67102 Seminar: Film and Melodrama

This seminar will discuss the ambiguous and protean inheritance that film as a popular form received from 19th century stage melodrama. The stage tradition of melodrama, both in terms of play texts, and performance and staging practices, will be surveyed with readings of 19th century melodramas and descriptions of their staging. Peter Brooks' discussion of "The Melodramatic Imagination" will be crucial to the course, both as an account of the 19th century tradition and as a claim for melodrama as a form that moves across genres. The claim by scholars that 19th century melodramatic stage had inherent ties to cinema as posed by Vardac and critiqued by the recent work of Brewster and Jacobs will also be considered. Melodrama as a form in silent cinema, and as a genre of sound cinema, including its particular relation to the women's film will also be considered, with writings by Mulvey, Doane and others. Films will be screened by Griffith, Feuillade, Sjostrom, Hitchcock, Vidor, Ophuls and Sirk.

2005-2006 Spring

33200 Italian Americana: Literature and Cinema

(CMST 232, CMST 232, GsHum, Ital 289/389)

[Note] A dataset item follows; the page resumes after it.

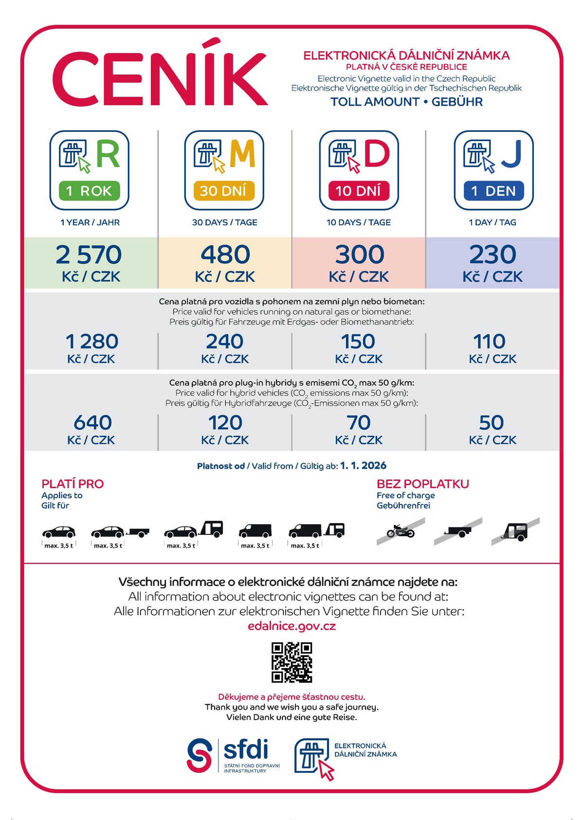 Od januára 2026 sa v Českej republike zvýši cena elektronických diaľničných známok v dôsledku medziročného prírastku dĺžky diaľničnej siete a rastu spotrebiteľských cien. Ročný poplatok za používanie diaľnic vzrastie o 130 korún (5,33 eura) na 2 570 korún (105,45 eura), mesačná známka bude stáť 480 korún (19,70 eura), desaťdňová 300 korún (12,31 eura) a jednodňová 230 korún (9,44 eura).

A study of the history and culture of Italian-Americans through filmic and literary representations. Writers include Helen Barolini, Tina De Rosa, Giose Rimanelli, and Ed McBain (Savatore Lambino); directors include Coppola, Scorsese, Savoca, Cimino, and Ferrara.

2000-2001 Spring

59900 Reading and Research

Consent of instructor. Please register by faculty section.